Bundled payments are an important part of the value-based care movement. But who is taking the lead on getting them implemented?

Before he became head of the Department of Health & Human Services (HHS), Tom Price, MD, said the architects of a planned mandatory bundled payments program were “experimenting with Americans’ health.” In 2016, CMS, the most robust arm of the department, had issued such a plan, which required certain cardiac and orthopedic interventions to be performed within parameters designed to level outcomes and mitigate costs. It was exactly what Price did not want to see. He resigned before he could undo the program but delayed its implementation before it was canceled last December. In its place rose a similar initiative, comparable with the first in almost every way save for the inclusion of a few outpatient procedures and the nature of participation: The new Bundled Payments for Care Improvement Advanced (BPCI Advanced) plan, unveiled in January 2018, is entirely voluntary.

A day before, JAMA published a study examining voluntary bundled payment pilot programs. Although some produced stellar results—previous work showed an average savings that exceeded $1000 per joint replacement with outcomes unchanged—they also struggle to get off the ground.

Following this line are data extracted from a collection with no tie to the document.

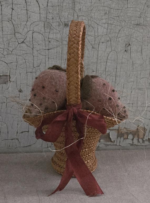 NeedfulsTwo hand painted wool berries adorned with glass beads sitting atop an antique basket. Basket is in great shape for it's age. Basket stands approx. 5 1/2" tall x 3 1/2" wide at the widest point. Sold... thank you!!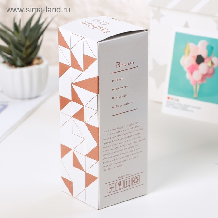Бутылка для воды стеклянная «Кактус», 420 мл, h=19,5 см, цвет и рисунок МИКС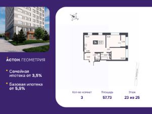Просторная трехкомнатная квартира с европланировкой и предчистовой отделкой в ЖК "Астон.Геометрия" на 23 этаже. Общая площадь: 57.73 кв.м., жилая: 39.49 кв.м., общая площадь гостиной-столовой с кухонной зоной: 21.93 кв.м. Европланировка, кухня и гостиная объединены в одно просторное помещение. Квартира угловая, очень светлая, естественная вентиляция при открытии окон. В квартире одна лоджия, один совмещенный и один раздельный санузел. Высота потолков 2.7 м.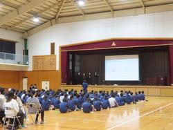 11月8日(土) 第1回 オープンスクール 今日は、在校生の保護者、小学生、小学生の保護者を対象に、学校を公開いたしました。午前中は授業、午後は通常の部活動を見学していただきました。 3年生は、最後の授業参観になり道徳の授業も実施しました。7組では、「仕事人の話を聞く会」をテーマに保護者や学校職員から話を聞きいろいろな仕事があることを学びました。 2年生は「質問力を高めるために」について、学級代表よる発表会を開きました。プレゼン後の質問も以前に比べ多くの手が挙がるようになり活発に質疑応答がステージとフォロアーで行われていました。大きな成長です。そのなかで、質問力を高めるためには、知識の必要性がどのクラスからも指摘されていました。最後の班は学力向上まで深めていました。学んだことを実践しょいていき質を高められるかが次のステップです。2年生の進化が楽しみです。 午後は、2時間ほど部活動を見学できる時間を設定しました。練習環境や内容、各部活がもつ雰囲気等知っていただける機会になれば幸いです。 第1回オープンスクールに多くの方に来校いただきありがとうございました。生徒にとっても学校職員にとってエネルギーをいただける大きな機会になりました。今後も二中の教育活動へご理解ご協力をお願いいたします。 1月に第2回オープンスクールを予定しています。二中入学予定の方は、入学前にぜひ二中生に会いにきてください。 |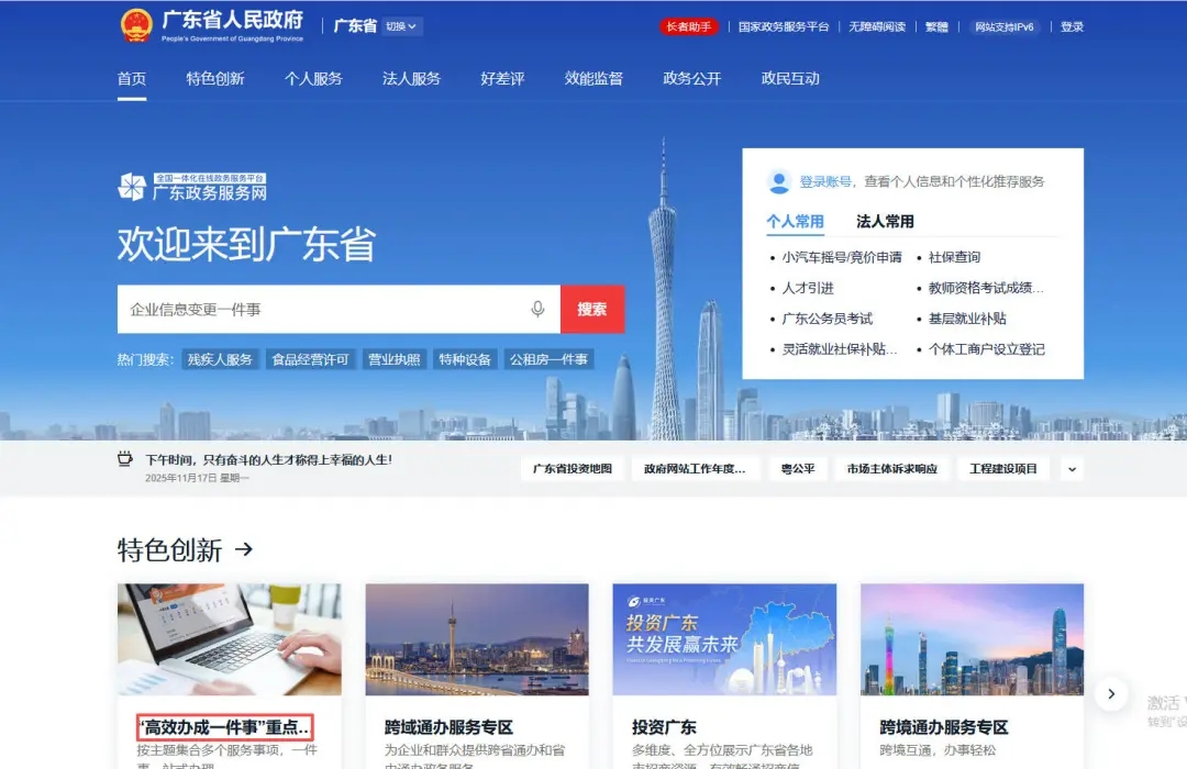 登錄廣東政務(wù)網(wǎng),點(diǎn)擊首頁“高效辦成一件事”服務(wù)專區(qū)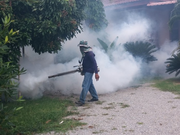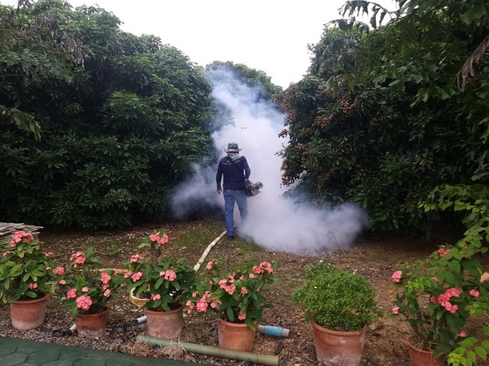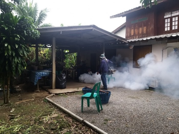 โดยเน้นการ ทำลายภาชนะที่มีน้ำขังซึ่งจะเป็นแหล่งเพาะพันธุ์ยุง ใส่สารเคมีกำจัดลูกน้ำยุงลาย ในภาชนะที่มีน้ำขัง พ่นหมอกควันบริเวณอาคารบ้านเรือน ที่อยู่อาศัยและสภาพแวดล้อมโดยรอบ เพื่อกำจัดยุงลายตัวเต็มวัย โดยลงพื้นที่ดำเนินการควบคุมโรค จำนวน 3 ครั้ง ตามมาตรการ 0, 3, 7 วัน เพื่อเป็นการควบคุมเฝ้าระวังโรคในพื้นที่ ต่อไป ...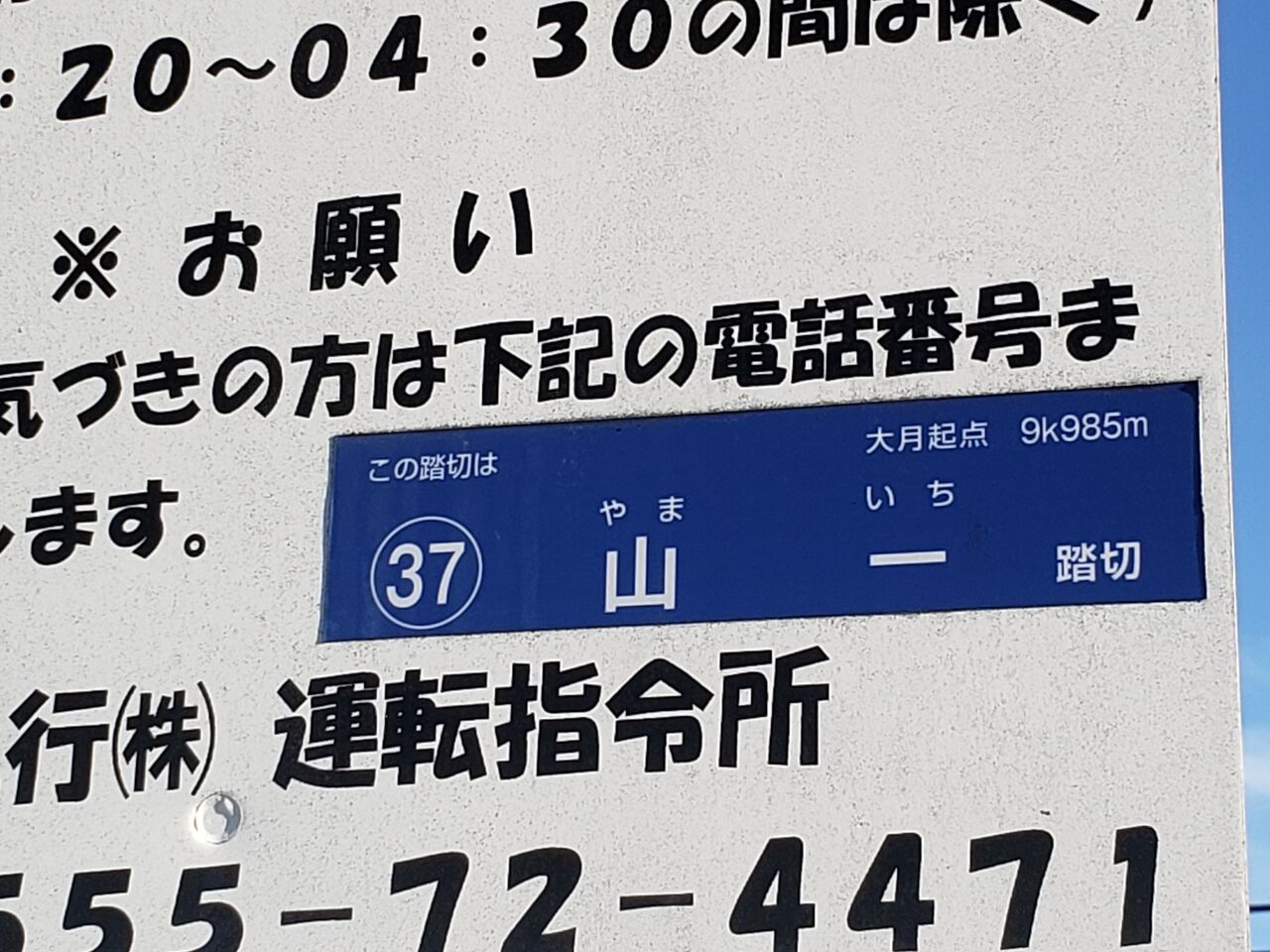 名称は「山一踏切」といいます。大月駅から起算して37番目の踏切であることが記されています。当踏切から程近い場所にある「山一岡部工場」が由来となっているとみられます。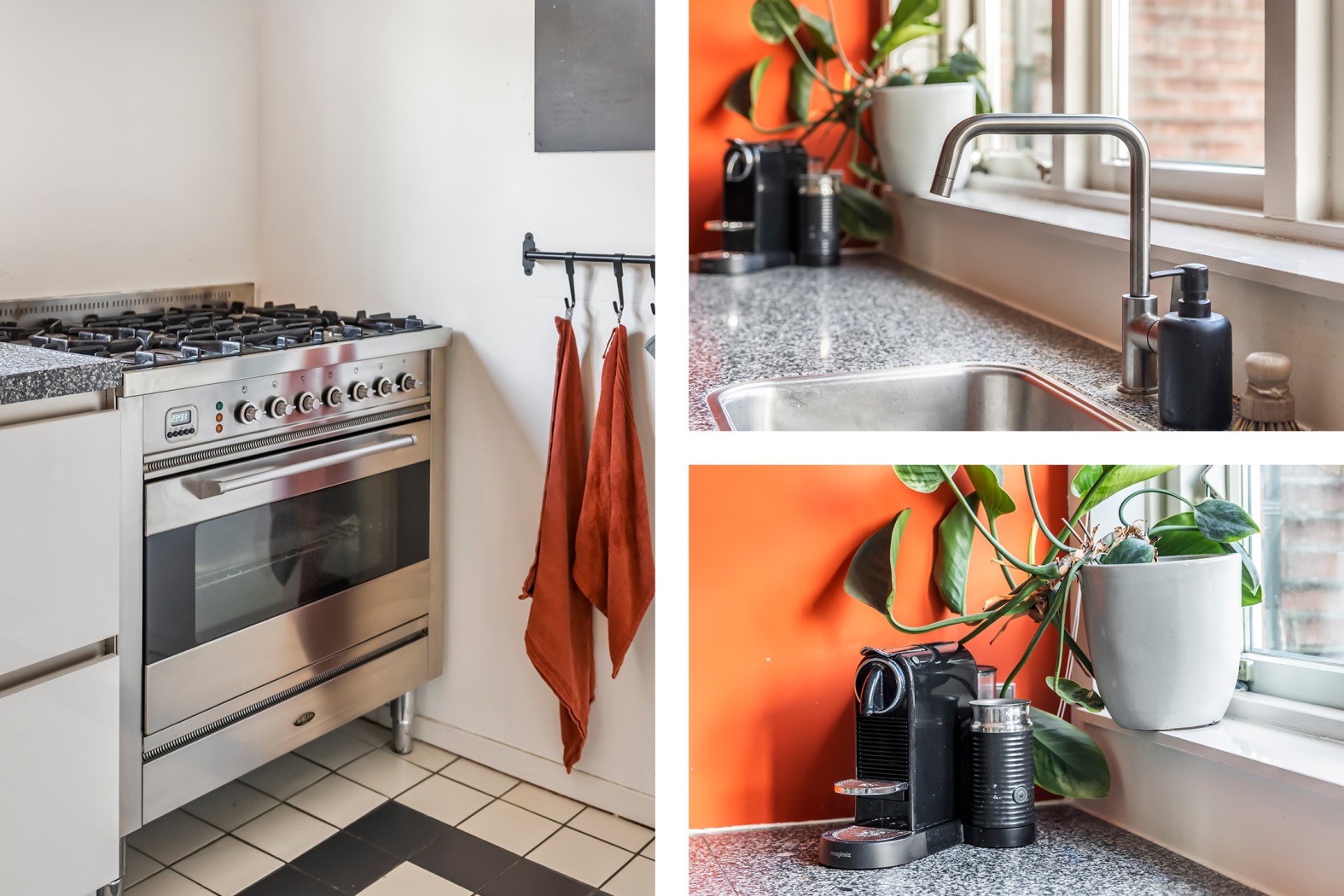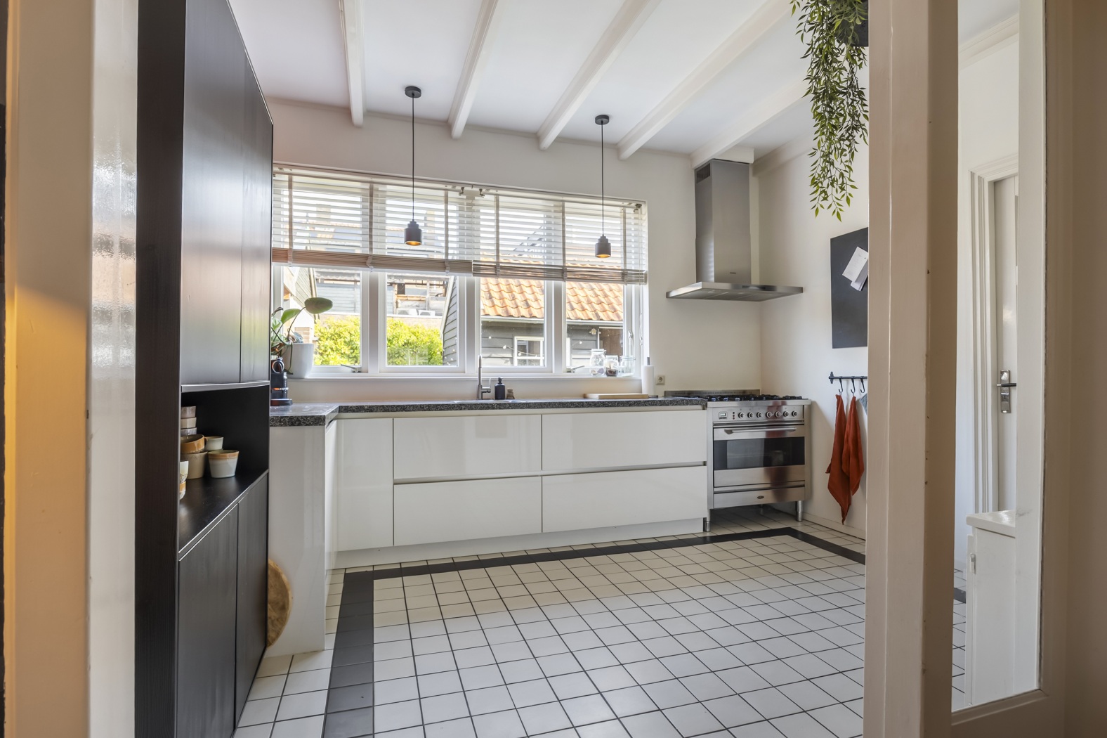 De open keuken sluit naadloos aan op de eetkamer en is modern uitgevoerd. Deze is voorzien van diverse inbouwapparatuur en afgewerkt met een onderhoudsvriendelijke tegelvloer, een fijne plek om te koken en in contact te blijven met het gezin of gasten. De aansluitingen voor wasmachine en droger zijn netjes weggewerkt in de bijkeuken, waar ook meteen veel opbergruimte is.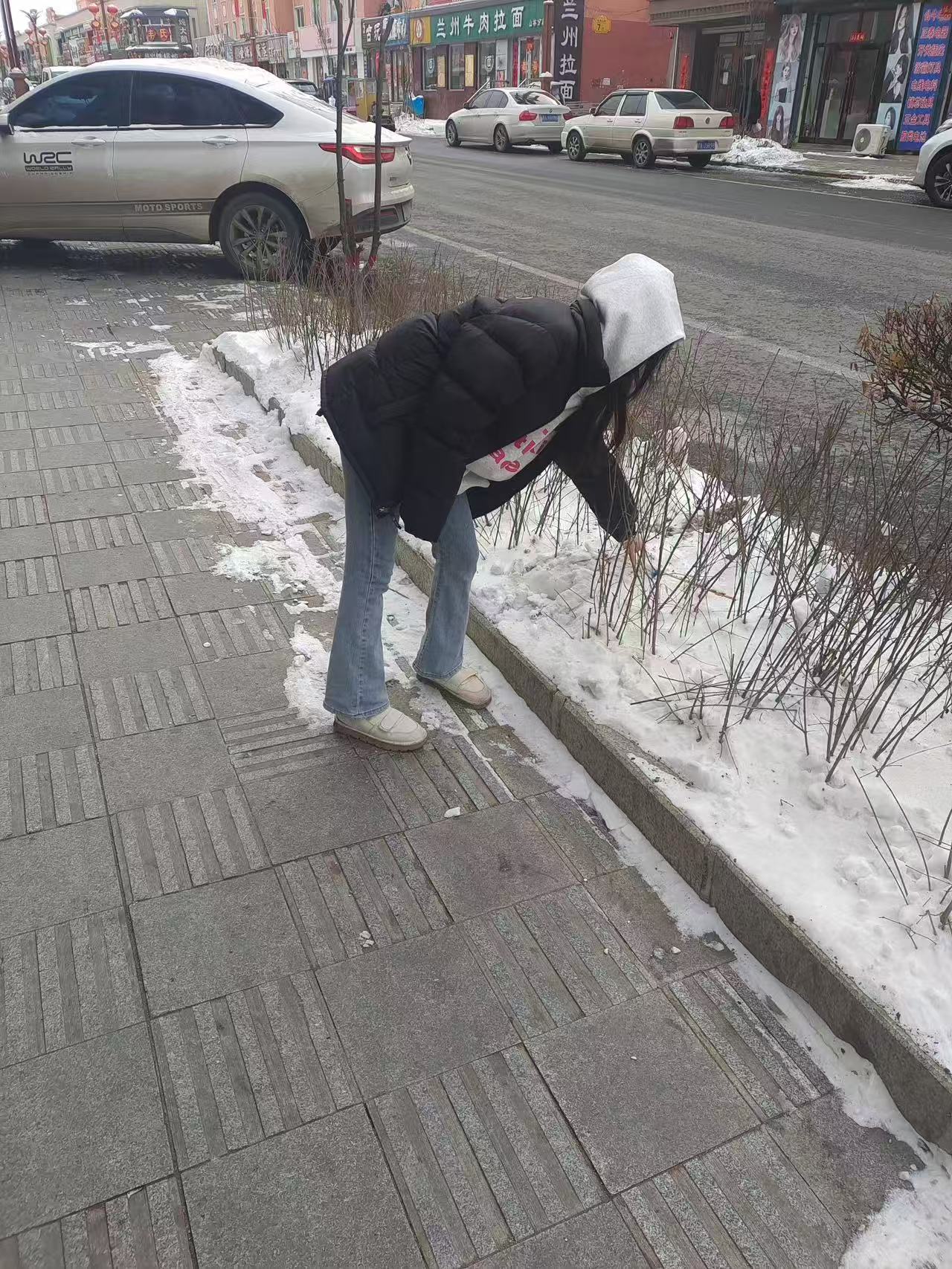 2025年2月16日,一场大雪给城市披上银装,却也给市民出行带来诸多不便。大数据222班刘亚楠路过晟鑫果蔬粮油副食店门时,看到积雪覆盖的路面又湿又滑,进出超市的顾客步履维艰,甚至有人险些滑倒。她立刻回家取来铲子,投身到铲雪除冰的工作中。尽管寒风凛冽,她的双手被冻得通红,可她依旧干劲十足,一下又一下地将积雪铲到路边。路过的市民纷纷投来赞许的目光,还有人主动加入铲雪队伍。经过一个多小时的努力,超市门前的积雪被清理干净,地面变得安全通畅,顾客们能够放心地进出超市。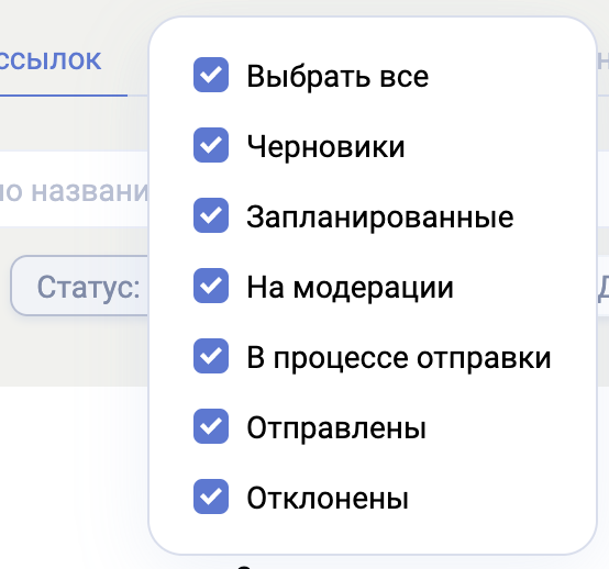 Статус — фильтрация по статусу рассылки.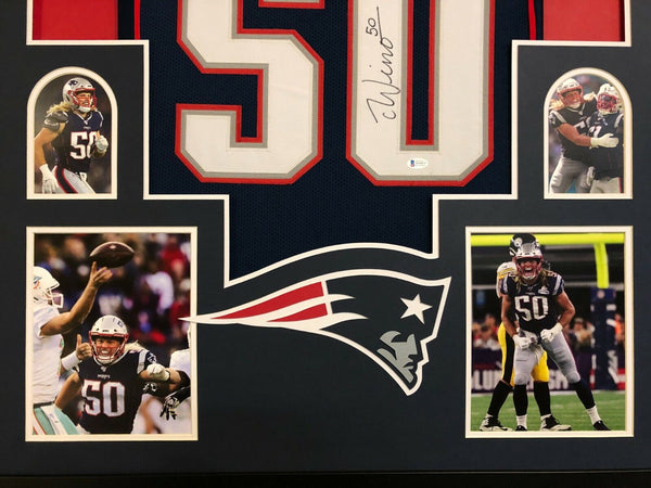Custom Framed Chase Winovich New England Patriots jersey.BAS Hologram and COA(#WE08747)The authentication is from BAS. This signature is authenticated by a representative of BAS! 100% AUTHENTIC!!! The jersey has fully stitched numbers on the front and back. It is a great item and a must for all great sports fans!This item is professionally framed, it measures 32"x40" inside , 42"x34" outside , using UV protective Acrylic glass for safe keeping and safe transport, team color matting, black moulding and hanging hooks on the back. All additional items in frame seen in pictures included. 100% ready to hang in your fan cave.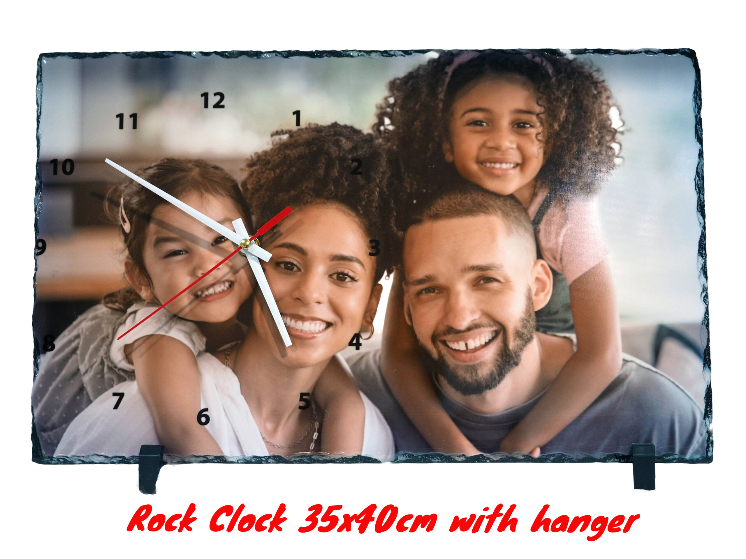 A3 Rock slate it`s a great product for Gift or for home decoration ,with the clock rock came with stand or hanger if you want to hanging on the wall as well the rectangle 30x40cm rock it came with stand or you can hanging on the wall but the photo it has to be portrait for hanging.

Only 12% of eligible hospitals joined, almost all of which were in cities. The programs also suffered attrition: More than half of hospitals had abandoned the program in some way, and a fifth stopped participating altogether.

CMS has not given up on bundled payments. They are a key element in the value-based care movement: pay for a total episode of care as a single unit (instead of a series of procedures and visits) while maintaining positive outcomes. The federal government has been the key driver.

The Oncology Care Model (OCM) is another example of CMS’ commitment to bundles. It was born as a vital element of the Center for Medicare and Medicaid Innovation, itself a product of the Affordable Care Act (ACA). Bundled payments are less discussed parts of the ACA, but they are designed to make the law work. The bill expanded Medicare expenditures, and it included provisions to try to get more from that money.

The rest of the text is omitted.